■ SUPPLIED MATERIAL
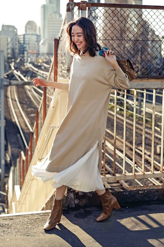 ニットワンピからスカートをちらりと覗かせて、フェミニンな奥行きを
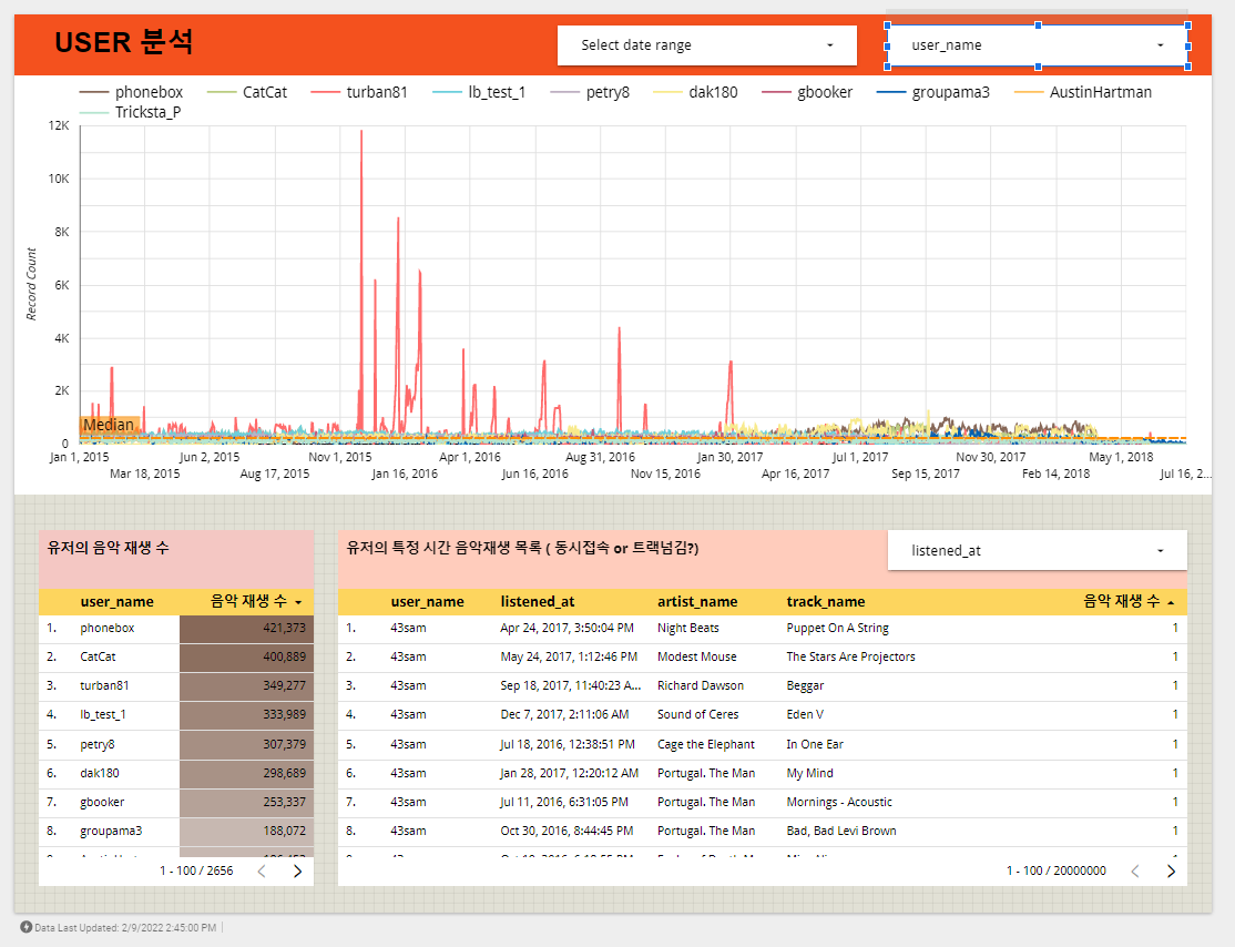 밑은 빅쿼리에서 추출한 데이터를 데이터 스튜디오로 연결해 이것저것 탐색했던 내용의 일부이다.
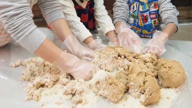 ⑤つぶした大豆の熱が取れたら塩と米麹を入れ、種水を加減しながら混ぜて、耳たぶぐらい の柔らかさになるまで、よくこねる。
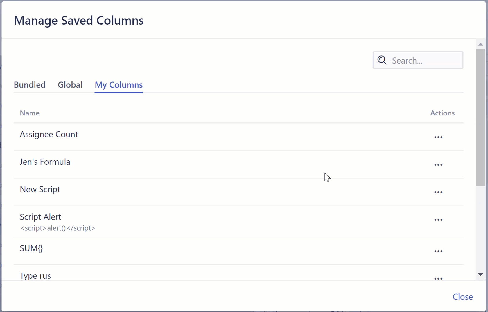 Scroll through the list of saved columns, or use the search bar. Note: if you don't find it, check the other lists (Bundled, Global, My Columns).
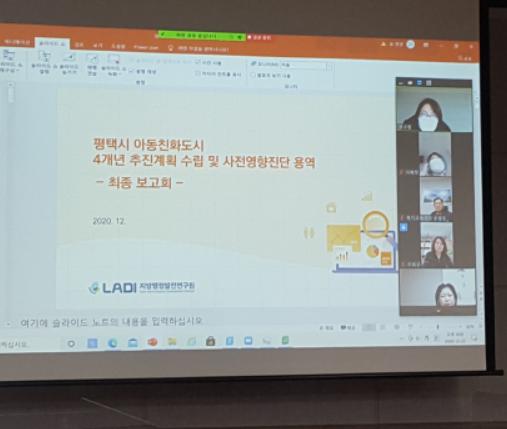 이날 보고회는 코로나19 확산으로 비대면 방식으로 전환해 아동친화도시 추진위원 등 15명이 온라인 화상회의에 참석한 가운데 평택시 아동친화도시 전략사업 4개년 계획에 대한 논의를 펼쳤고, 추가 보완 및 제안사항을 내놓았다.
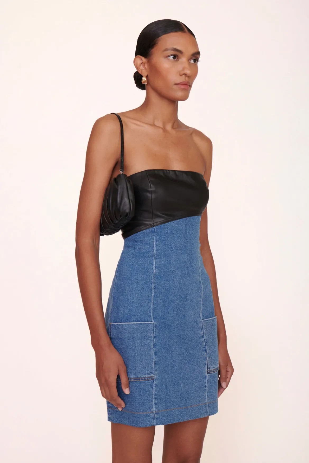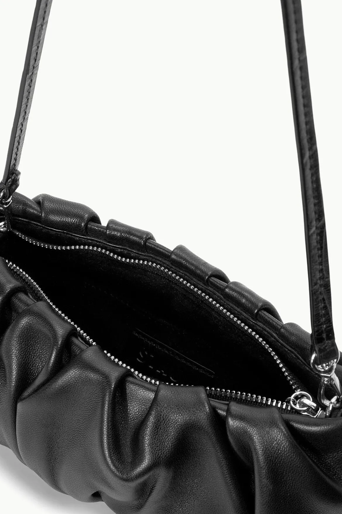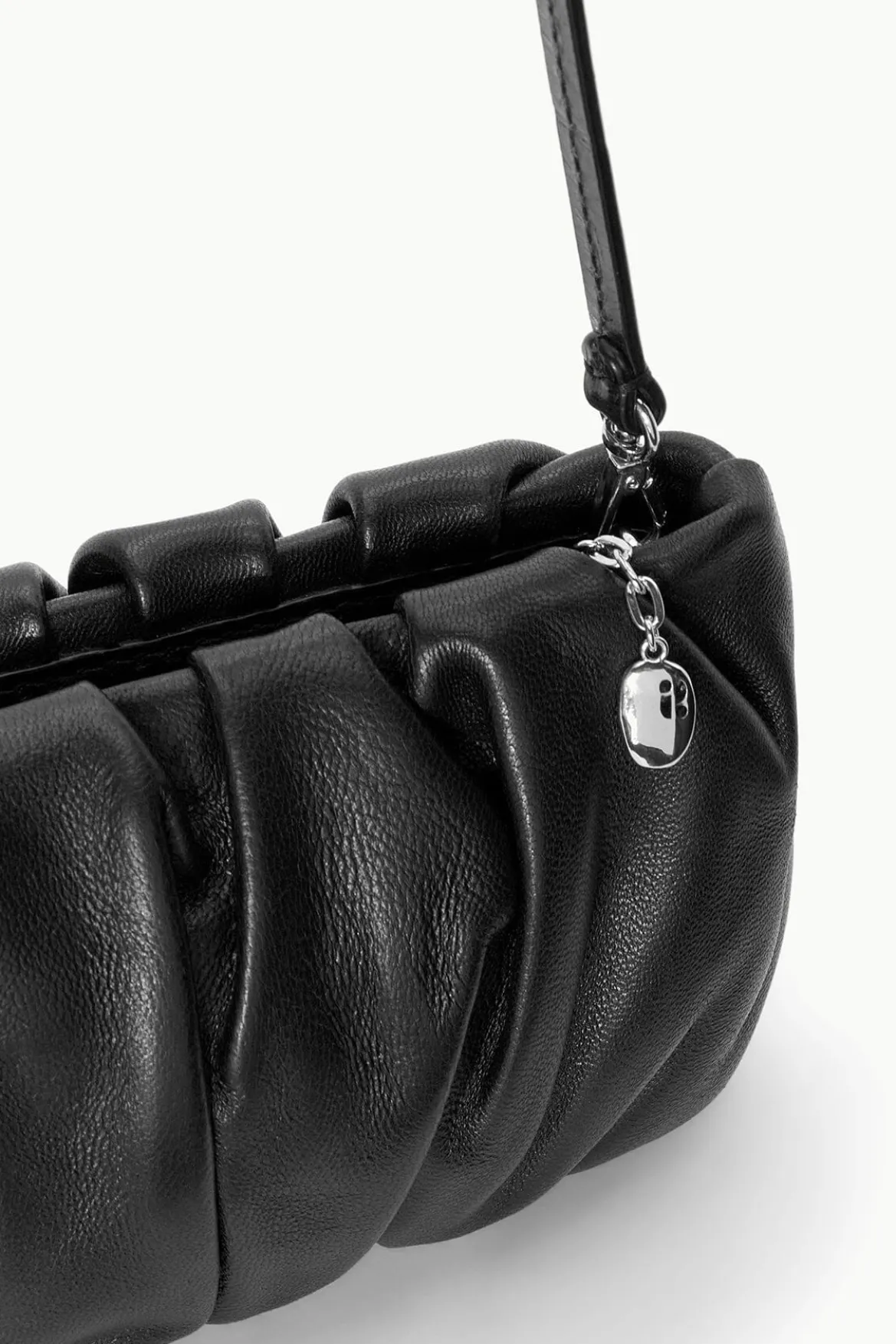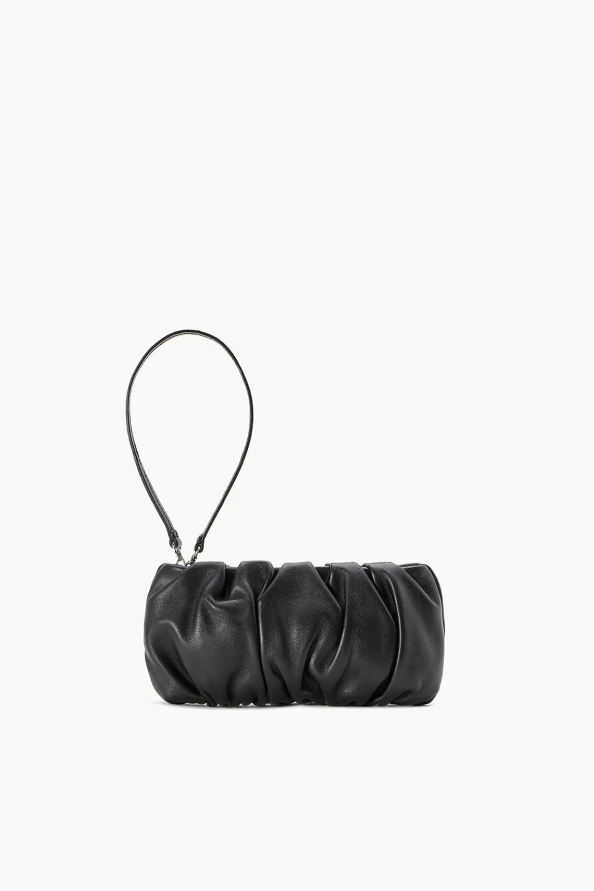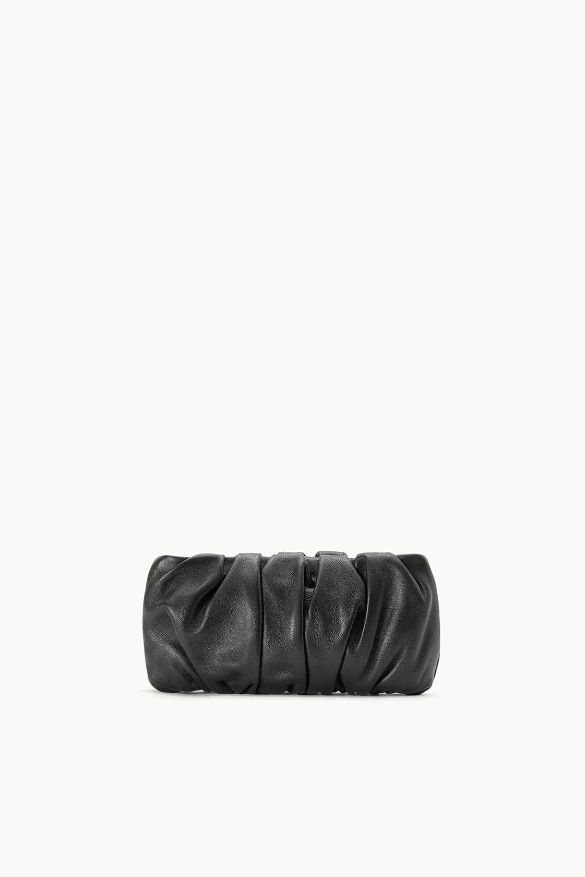 The Bean Bag is a small convertible clutch in soft leather. Thisstyle features a zipper closure, suede lining and removable shoulder strap.

■ PROMPT
Excluding the pictures, output every entry above without alteration.

■ SOLUTION FOR THIS PROBLEM
 ニットワンピからスカートをちらりと覗かせて、フェミニンな奥行きを
 밑은 빅쿼리에서 추출한 데이터를 데이터 스튜디오로 연결해 이것저것 탐색했던 내용의 일부이다.
 ⑤つぶした大豆の熱が取れたら塩と米麹を入れ、種水を加減しながら混ぜて、耳たぶぐらい の柔らかさになるまで、よくこねる。
 Scroll through the list of saved columns, or use the search bar. Note: if you don't find it, check the other lists (Bundled, Global, My Columns).
 이날 보고회는 코로나19 확산으로 비대면 방식으로 전환해 아동친화도시 추진위원 등 15명이 온라인 화상회의에 참석한 가운데 평택시 아동친화도시 전략사업 4개년 계획에 대한 논의를 펼쳤고, 추가 보완 및 제안사항을 내놓았다.
 The Bean Bag is a small convertible clutch in soft leather. Thisstyle features a zipper closure, suede lining and removable shoulder strap.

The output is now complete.